WORK ITEM
Once the line containing "พลอยหยาบธรรมชา" is found, please copy it and all lines after it through the end of the records, exactly, leaving out pictures.
───── DATA SUPPLIED ─────
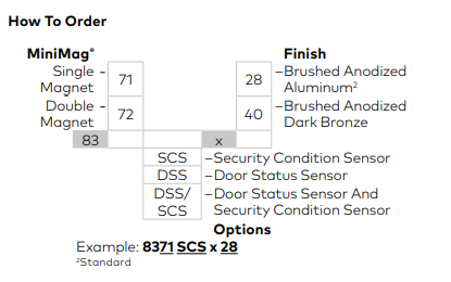- Optional Door Status Sensor (DSS)/ Security Condition Sensor (SCS) Available
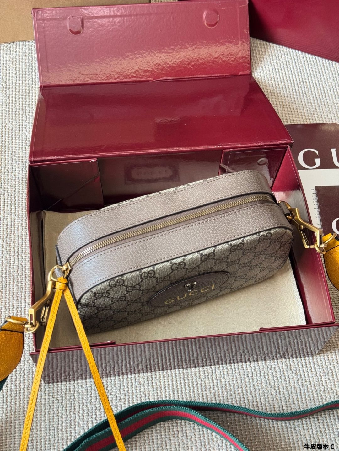 DetailThe Gucci Ophidia camera bag features original ebony split leather. This style has a strong vintage feel, with matching hardware and an original lining! It looks stunning on the body, with the exquisite and unique hardware elevating the overall texture.
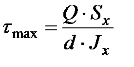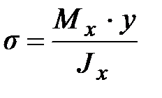 где Мх – изгибающий момент в рассматриваемом сечении, Нсм; Jх – осевой момент инерции поперечного сечения относительно нейтральной оси x, см4; у – расстояние от нейтральной оси до слоя, в котором определяется нормальное напряжение, см. Теоретическое значение для τmax находится по формуле Д.И. Журавского
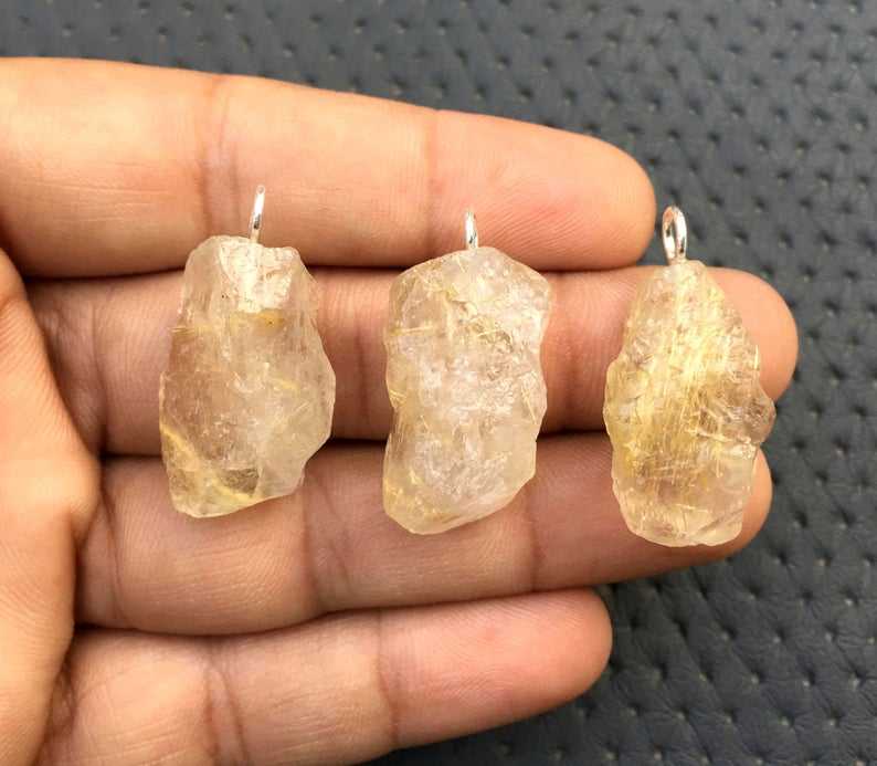 พลอยหยาบธรรมชาติทับทิมสีทองไม่ผ่านการบำบัด3ชิ้นจี้ทำด้วยมือสีเงินสเตอร์ลิง92.5ขายส่ง
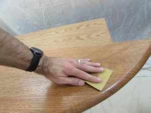 Before the second coat goes on, Everything needs to be sanded down with 400 grit paper to remove any raised grain or dust that may have settled on the surface.
─────
TASK OUTPUT
 พลอยหยาบธรรมชาติทับทิมสีทองไม่ผ่านการบำบัด3ชิ้นจี้ทำด้วยมือสีเงินสเตอร์ลิง92.5ขายส่ง
 Before the second coat goes on, Everything needs to be sanded down with 400 grit paper to remove any raised grain or dust that may have settled on the surface.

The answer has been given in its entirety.